▶ _WHAT IS BEING ASKED_: Ignoring every picture, transcribe the data in full as it stands.

▶ _RECORDED INFORMATION_:
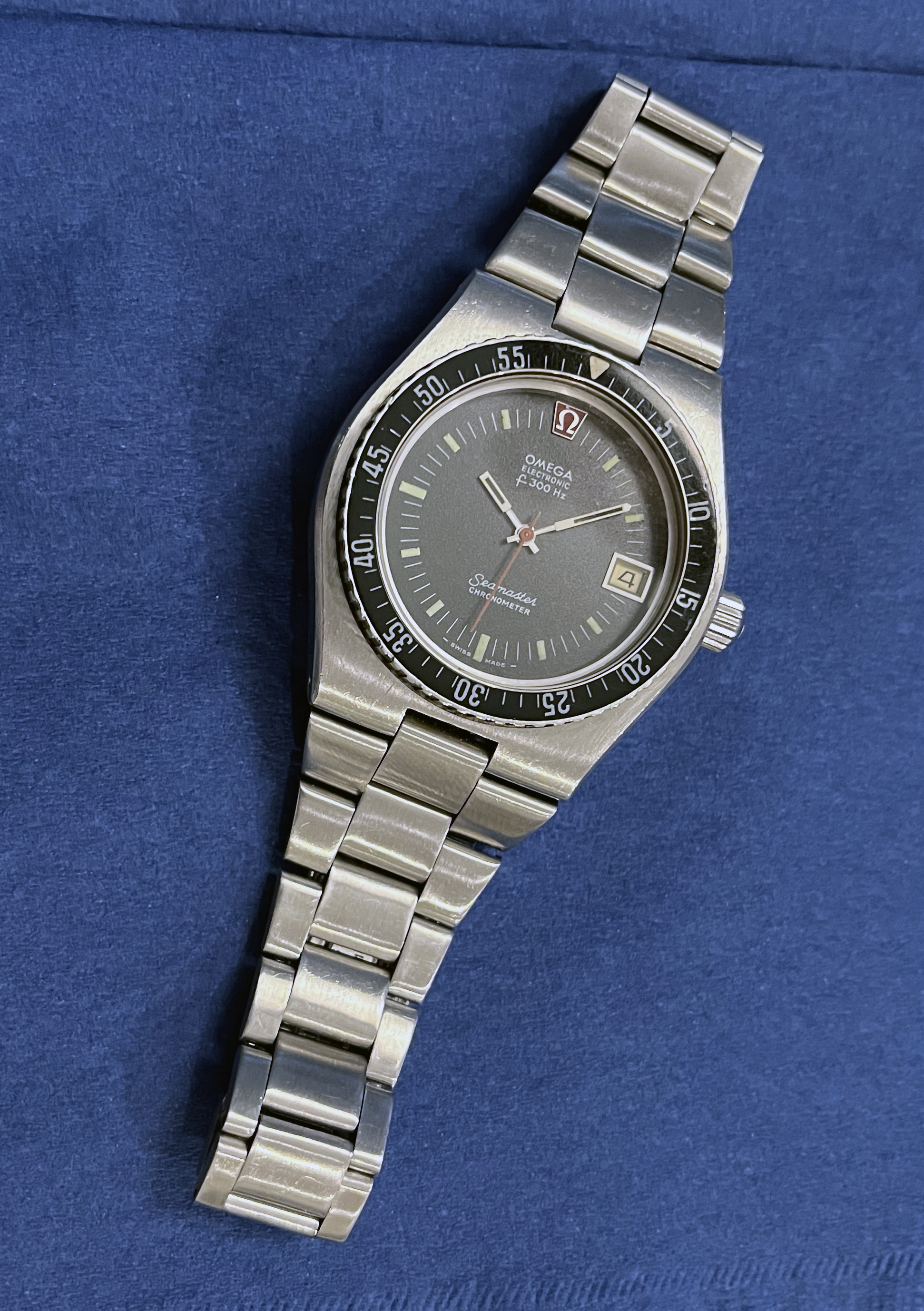 It is an Omega Seamaster Diver F300 Chronometer Ref 198.0005. It houses the cal 1250 tuning fork movement. This is a big watch with the case measuring 41.5mm (excluding the crown), 46mm lug to lug & 12mm thickness. It has a screw in crown that works smoothly. The watch is from the early 1970 and show wear such as nicks and scuffs, as can be seen in the pictures. Having said that, the original bracelet is still pretty tight and the dial is in perfect condition. As far as I can tell everything is original on this watch. It is working flawlessly and recently had a fresh battery installed. I don't have the box or papers.
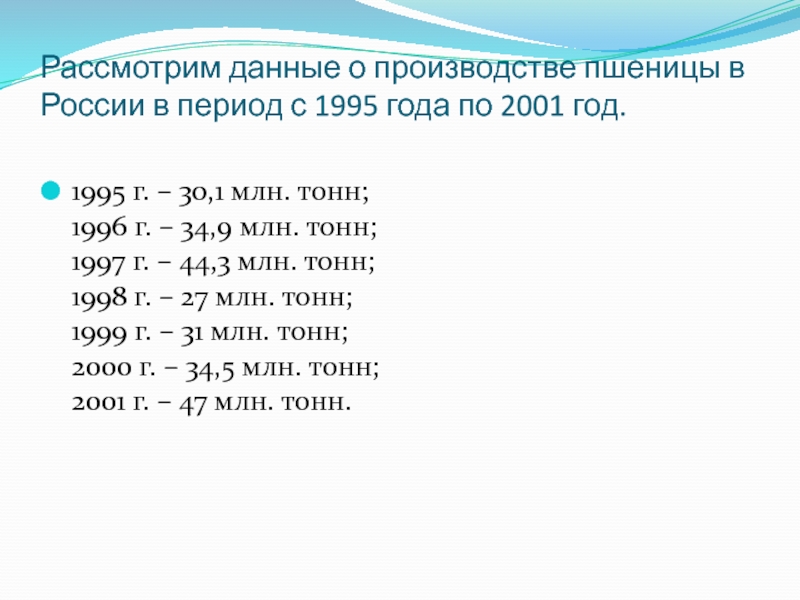 Слайд 4Рассмотрим данные о производстве пшеницы в России в период с 1995
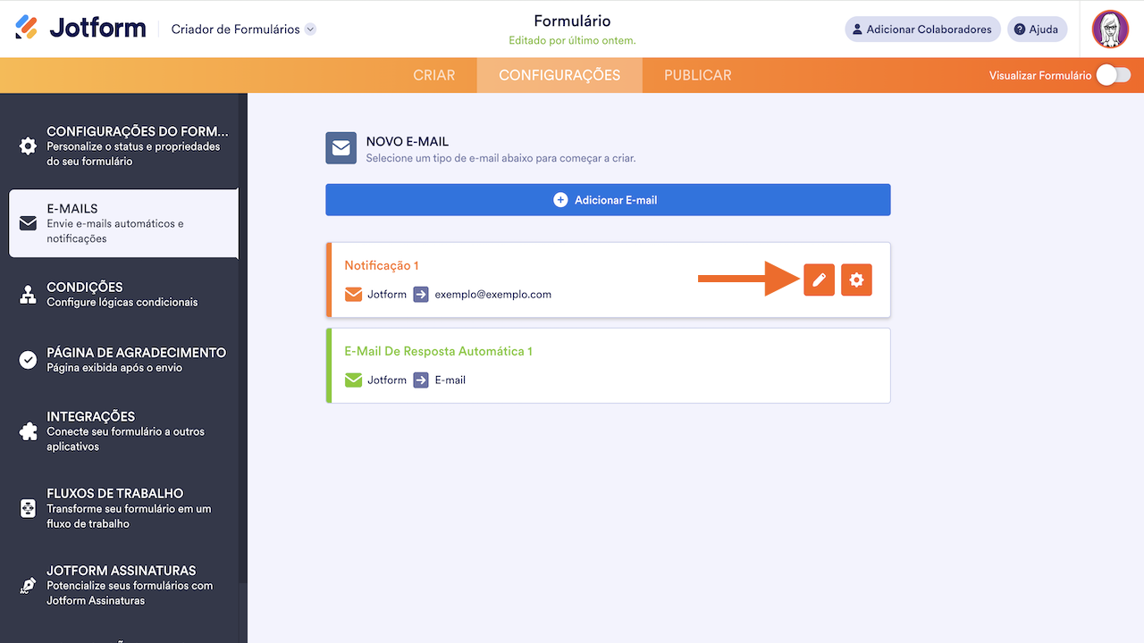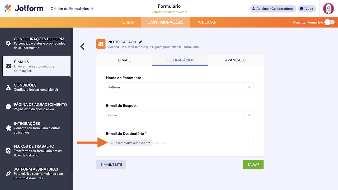 - O botão E-mail Teste enviará a notificação apenas para o endereço de e-mail associado à sua conta. Para testar os destinatários de e-mail em sua notificação, você pode realizar um envio teste ao seu formulário.

▶ _SOLUTION_:
 It is an Omega Seamaster Diver F300 Chronometer Ref 198.0005. It houses the cal 1250 tuning fork movement. This is a big watch with the case measuring 41.5mm (excluding the crown), 46mm lug to lug & 12mm thickness. It has a screw in crown that works smoothly. The watch is from the early 1970 and show wear such as nicks and scuffs, as can be seen in the pictures. Having said that, the original bracelet is still pretty tight and the dial is in perfect condition. As far as I can tell everything is original on this watch. It is working flawlessly and recently had a fresh battery installed. I don't have the box or papers.
 Слайд 4Рассмотрим данные о производстве пшеницы в России в период с 1995
 - O botão E-mail Teste enviará a notificação apenas para o endereço de e-mail associado à sua conta. Para testar os destinatários de e-mail em sua notificação, você pode realizar um envio teste ao seu formulário.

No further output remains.